La Maldición De Los Veintes

...(y el miedo a lo legítimo)

Dos decenas de pesos mexicanos. Eso son, al final de cuentas, el significado último de esos papelitos azules, más pequeños que el resto y que representan tal denominación. Que lo mismo puede reunirse o representarse juntando dos monedas de diez pesos, cuatro de cinco pesos, diez de dos pesos, veinte de a peso o cuarenta piezas de cincuenta centavos –y ya no sigo las cuentas, porque los trozos acuñados con diez y veinte centavos ya no sirven ni para comprar un chicle ni un minuto de llamada telefónica local (¿creen que el milagro Slim se hizo con tarifas justas?), es más, ni siquiera para una tortilla tras las recientes alzas (será que el maíz transgénico africano y estadounidense vendido como forraje es el más caro de todos).

Incluso –ahora lo recuerdo y pienso que, desperdigados, sobrevivirán aún en el monedero de alguna señora o en los montoncitos de morralla de algún taxista– circuló o tal vez circula una moneda más grande que el resto, con un horrendo poema –elegido seguramente por un burócrata y no por un lector– junto a una efigie aún más horrenda, por irreconocible, del único Nobel de Literatura mexicano Octavio Paz –Gabriel García Márquez se define colombiano a la hora de los premios, pese a escribir y radicar desde hace años en la Ciudad de México.

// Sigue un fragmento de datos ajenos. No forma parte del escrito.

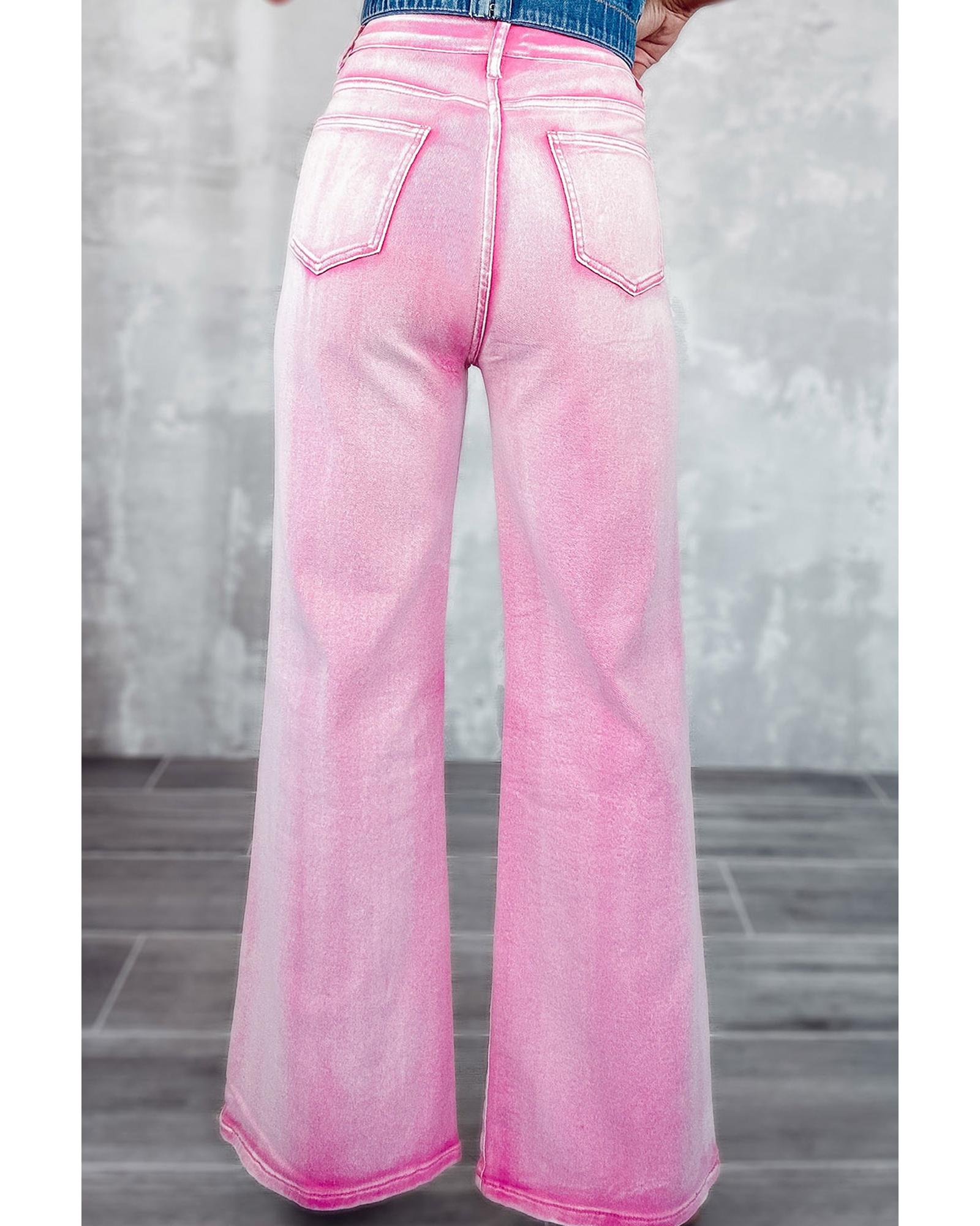 - Pink High Waist Rhinestone Cutout Wide Leg Jeans

En fin, el asunto al que me quería referir antes de estos sinuosos desvíos y desvaríos, era a la extraña problemática que se cierne sobre el papel moneda de veinte pesos. Primero, ya les digo, porque existen a la par en una moneda que es mucho más difícil de encontrar o de recibir que las minucias de diez y veinte centavos, no obstante que estas últimas son las más inservibles de todas. Pero luego está el problema del papel.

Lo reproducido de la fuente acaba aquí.